Asparagus makes your pee smell, fact, it contains the same compound found in garlic and onions. FUN FACT, only about one-quarter of the population appears to have the special gene that allows them to smell those compounds. So the issue isn’t whether or not your pee is smelly; it’s whether you’re able to smell it. My children use this as evidence that asparagus is evil and should never be eaten as all three of us have the gene!
Cooking the perfect asparagus
Using a sharp knife, carefully cut of the random single leaves that sit below the main tip, then score a line about 4cm below the tip, around the circumference of the stalk . Snap off the tough bottom of the stalk by bending it. Fresh asparagus will snap at the right place, trust the vegetable Gods. Cut this end on an angle or leave it, like I do. Using a vegetable peeler lightly peel the asparagus from the bottom to that line you have just made, revealing the beautiful light green beneath. You are going for uniform result here.

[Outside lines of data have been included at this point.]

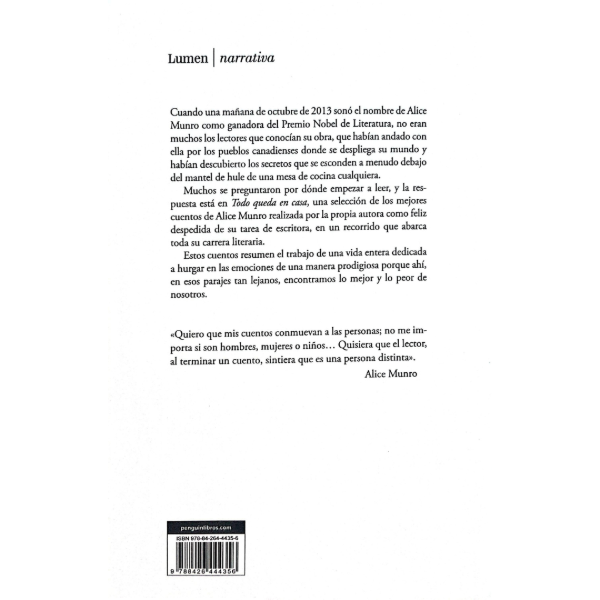 Una selección de los mejores cuentos de los últimos seis libros de Alice Munro, la dama de las letras canadienses, ganadora del premio Nobel de Literatura en 2013 y una de las principales voces actuales en lengua inglesa. Ella misma ha hecho la selección de estos 25 cuentos, sus preferidos dentro de su brillante carrera. Esta obra toma su título de un cuento que aparece en Odio, amistad, noviazgo, amor, matrimonio y trata uno de los temas principales de la producción literaria de la autora: la familia.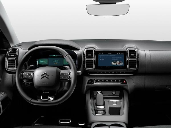 Der C5 Aircross präsentiert sich zwischen obligatorischer Dachreling und 230 Millimeter Bodenfreiheit enorm geräumig und variabel. Zum formidablen Dämpfungsverhalten des C5Aircross auf Strecken jenseits des glatten Asphalts tragen auch die hervorragenden „advanced comfort“ Sitze bei. Am Armaturenbrett hat Citroen extra für den Hybrid das volldigitale Kombigerät mit 12-Zoll-Bildschirm überm Lenkrad neu gestaltet. Das Ergebnis ist ein sehr klar strukturiertes und stylisches Anzeigeinstrument, bei dem sowohl Reichweite und Ladezustand als auch die Verkehrszeichenerkennung und Streckenführungs-Karte eingespielt werden. Beim querliegenden Zehn-Zoll-Touchscreen über der Mittelkonsole reicht eine Berührung aus, um sämtliche Fahrzeugparameter, die Media-Funktionen, das umfangreiche Konnektivitätsangebot, die Klimaanlage oder die Navigation zu steuern. Auch das Smartphone, das in der Ladeschale induktiv aufgeladen wird, kann über den Touchscreen bedient werden.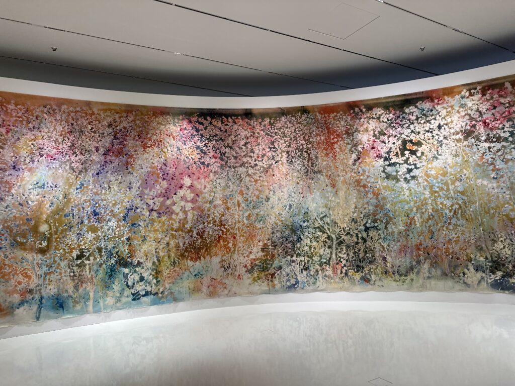 巨大なキャンバスに植物を置きその上から色鮮やかな染料をまく技法でおよそ1年かけて作られました作品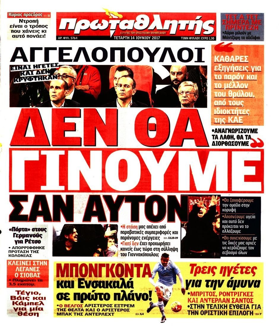 Τετάρτη 14 ΙΟΥΝΙΟΥ 2017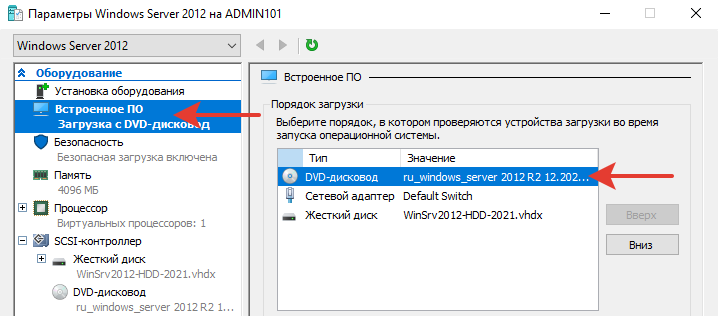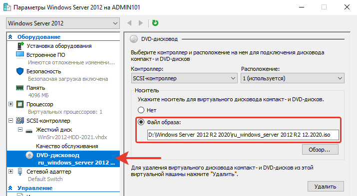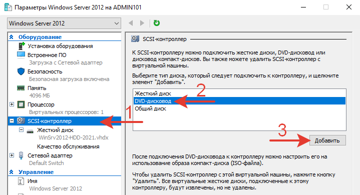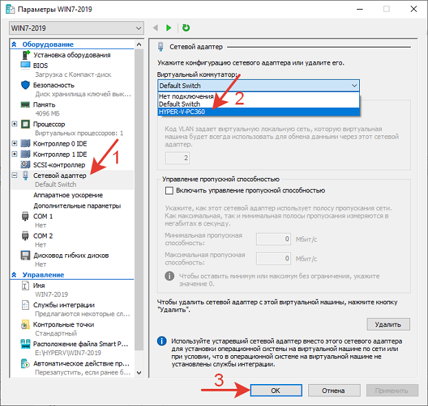 Далее, подключим сетевой адаптер ВМ к виртуальному коммутатору. Переходим в параметры нужной ВМ.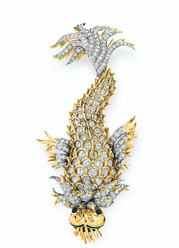 爱情无论在什么年代,无一例外,都是那么的美好。当初涉爱河的韦尔斯利大三学生玛德琳收到作为爱情信物的男大学生联谊会Theta Delta Xi 徽章,她的父亲恭喜这名幸运的男生“钉住了玛德琳”。一直到步入教堂,这枚徽章让她度过了使她在女友们面前飘飘然的大学最后时光。而最甜蜜的则是她收到先生送的结婚礼物,一枚嵌有祖母绿眼睛和红宝石鱼鳞的鱼型胸针,背面是一个表示无穷大的符号,这个暗示最终没有变成现实,当二十三年后他们的婚姻以离婚告终,但在这二十三年中,这枚胸针所寓意的爱情意味,足以成为珍藏一生的美好怀念。谈到胸针爱好者,不得不提到另一个女人,传奇女星伊丽莎白· 泰勒,胸针或许是潜藏在这个女人心底最温柔的记忆。她在和最爱的男人理查· 波顿的婚礼上,唯一佩戴的珠宝是一枚祖母绿钻石胸针;另一件1962 年理查· 波顿专门为她向Tiffany 订制的一枚硕大的海豚胸针,这件礼物让泰勒异常珍爱,因为该胸针的设计师正是当时有“珠宝诗人”之称的Jean Schlumberger,而泰勒是他的粉丝。1965 年理查· 波顿赠送的另一件由Jean Schlumberger 设计的钻石和蓝宝石镶嵌而成的 Fleur de Mer“ 海洋之花” 胸针,完美彰显其设计者的非凡艺术才华,并完美展现了其拥有者——伊丽莎白· 泰勒的迷人魅力之美。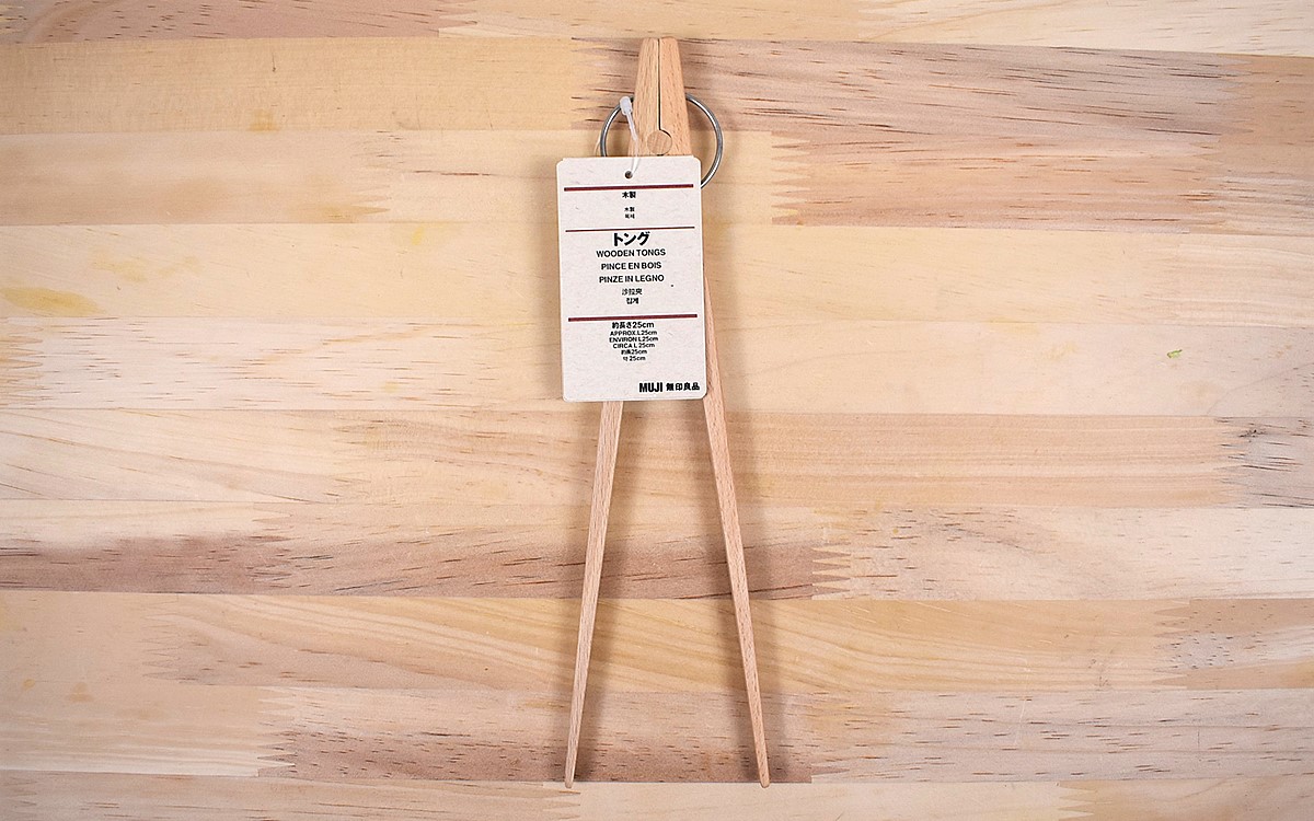 例えば数人で集まって鍋や大皿料理を食べる時は、食材を投入したり菜箸があると便利。しかし、煮込まれた野菜やツルツルとした麺類は、菜箸で上手く掴めないことがありますよね。代わりにトングを使っている家庭も多いようですが、今度は崩れやすい豆腐のような食材を取り出すのが大変。なんとか1つのアイテムで上手に食材を扱いたいと考え、無印良品の「木製トング」(1590円/税込)を購入してきました。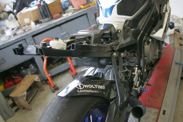 Ahhoz képest, hogy ez a motor ment a világbajnokságon is, meglepően sok része gyári. Erre az a magyarázat, hogy a Wilbers nagyon szorosan együttműködik a BMW-vel, lényegében gyári támogatást élvez a versenycsapatuk, például gyári alkatrészeket tulajdonképpen anyagáron vásárolnak. Ezért bizonyos esetekben olcsóbb és egyszerűbb volt megtartani gyári elemeket, például a tankot és a segédvázat - ennek a másik oldala, hogy a BMW támogatás miatt a szerződésük része, hogy a versenymotorjaiknak mindig újszerűnek kell látszania. Ők így fogják a költségeket.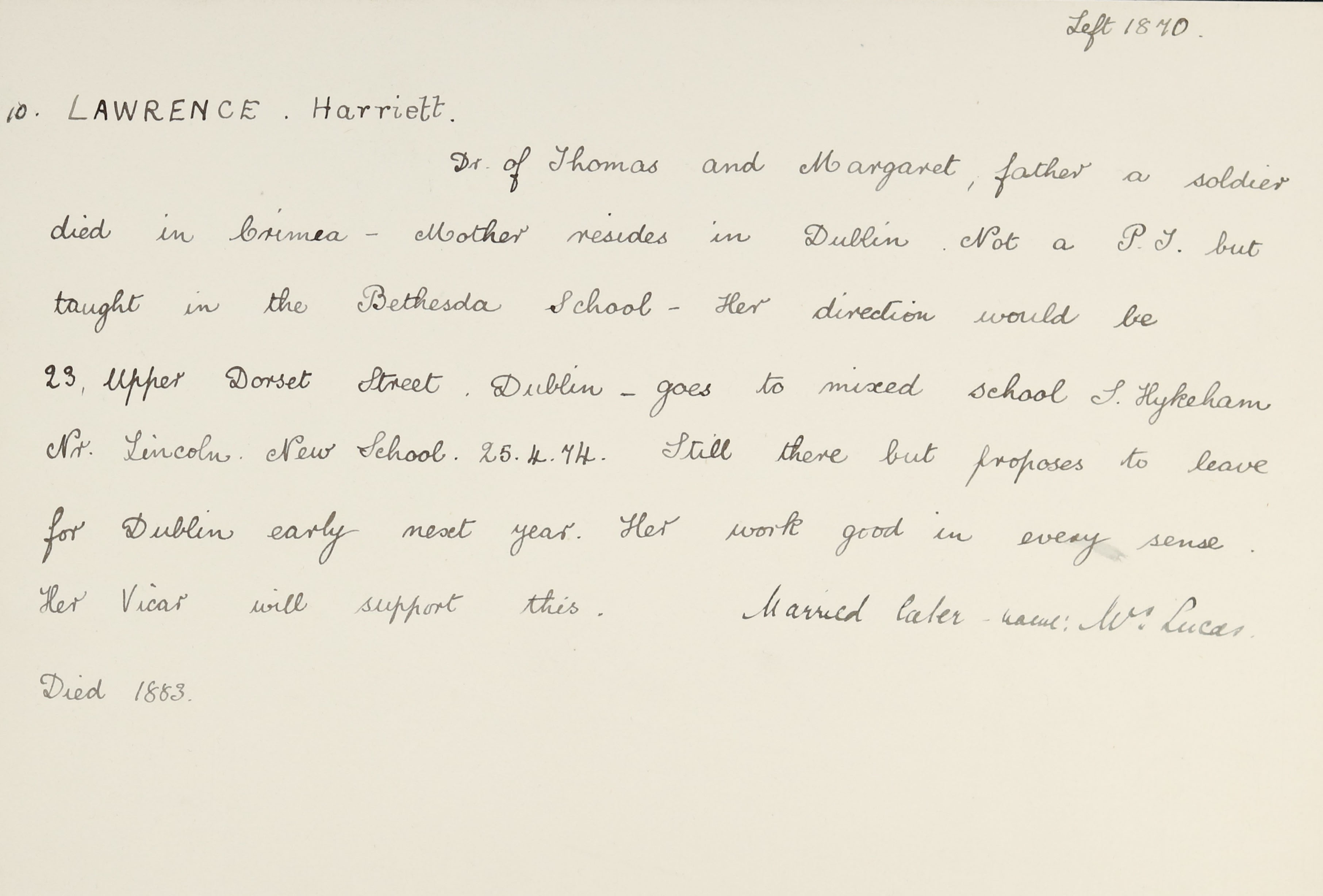Father: Thomas Lawrence (died in Crimean War)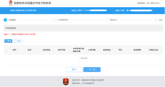 第三步:點(diǎn)擊“新增”,彈出涉稅人員錄入信息框,依次錄入涉稅人員實(shí)名信息、涉稅專業(yè)資格證書信息。填寫無誤,點(diǎn)擊“保存”,然后選中錄入的人員信息記錄,點(diǎn)擊“下一步”(如有多條人員記錄,可以選中多條記錄,最多不超過30條)

Now to cook. Bring a large – large enough to keep the water boiling when the asparagus goes in – pot of salted water to the boil and fill a large bowl with cold water and ice and stick a strainer on the bench. Tie your asparagus into bundles, no more than 8, with cooking string, not the elastic bands they are sold in!! The tie needs to be secure but leaving enough space so even cooking is achievable, so not tight.
Lower the asparagus into the boiling water and allow to gently boil for 2 – 5 mins depending on the thickness and your preference. Drain using the sieve and then plunge into the cold water. Cut the string and move everything with your hand. Once the asparagus is cooled take out and drain on kitchen towel.